Calvin also serves as adjunct faculty member at St. John Fisher College. He is a frequent guest lecturer at several Rochester area universities, including Nazareth College and the University of Rochester.
Calvin’s schedule may be full, but he is careful to prioritize his health.
“I love that I was able to craft a career infrastructure that complements my experience as someone living with an invisible disability,” Calvin says.
Facing Health Disparities
One topic that Calvin is particularly passionate about as an anti-racism educator is health care disparities. If he was to explain health disparities to others, he’d offer the following: “The barriers— whether implicit or explicit—that prevent all people, but most importantly, folks from marginalized and underrepresented groups, from accessing and receiving quality health care.”
While Calvin has never had any explicit instance of bias or bigotry as a Black man, he has experienced microaggressions, or brief and subtle instances of discrimination. Like many people with pain, he’s felt overlooked, ignored, and dismissed. However, he says, “It is difficult to separate my race from my experience and feelings of being treated differently. I feel that there have been times when a practitioner has judged my ability to pay or socioeconomic status based on my race and stereotypes that equate Blackness to poverty.”
He wishes the public understood that health disparities are real and affect Black people in tangible and devastating ways. For example, multiple studies have found that Black people are less likely to receive pain medication in emergency room settings than white counterparts, even when adjusting for other factors.
Calvin says that if someone is newly diagnosed, the best way to handle health disparities is finding someone, like a loved one who can come with you to appointments and help advocate for you or even, more officially, serve as a health care proxy—someone with specific legal decision-making rights and access to your records.
Changed for the Better
While Calvin devotes much of his time and energy to advocating for others, he, too, needs support, like all people living with pain and disability.

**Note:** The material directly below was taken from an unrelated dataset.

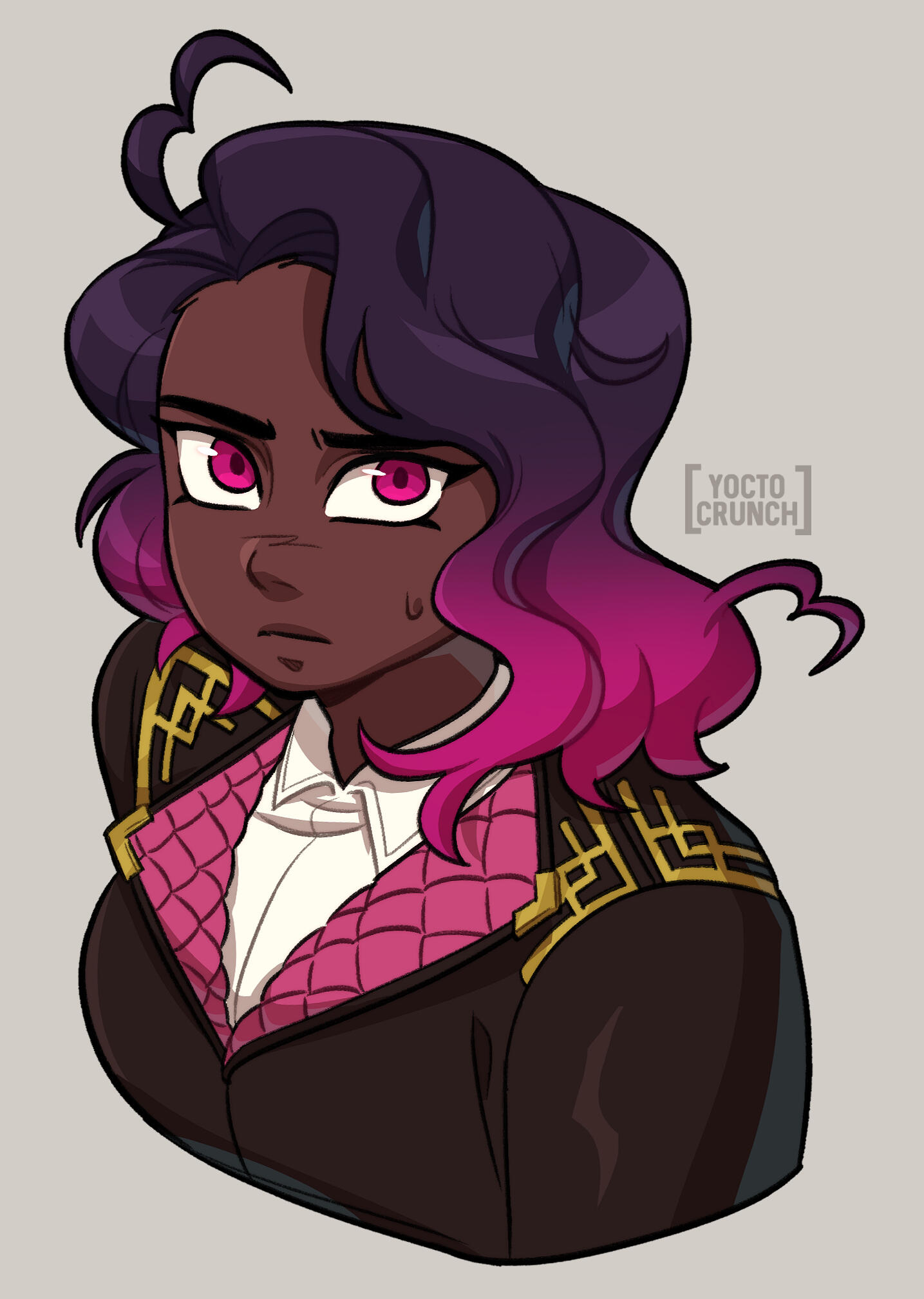 IMPORTANT Dark purple eyes with round pupils.

He finds much of his strength in his family and friends and in his faith as a Jehovah’s Witness.
The most consistently helpful resource for Calvin has been the U.S. Pain Foundation, which he’s relied on over the years as he deals with his health conditions. He is a long-time volunteer and sits on its Disparities Solutions Advisory Council. Beyond its programming, much of its value to him has been simply in connecting with other patients—and knowing that he is not alone in his struggles.
Calvin says chronic pain has changed the entire course of his life, and continues to do so. He can barely remember what life was like without chronic pain, but wouldn’t change anything.
“I have had such a full life despite chronic pain, and it is hard to know or wish that I never had this come into my life,” Calvin says. “If I erased the chronic pain experience, I would also lose all the people and experiences that have changed me for the better.”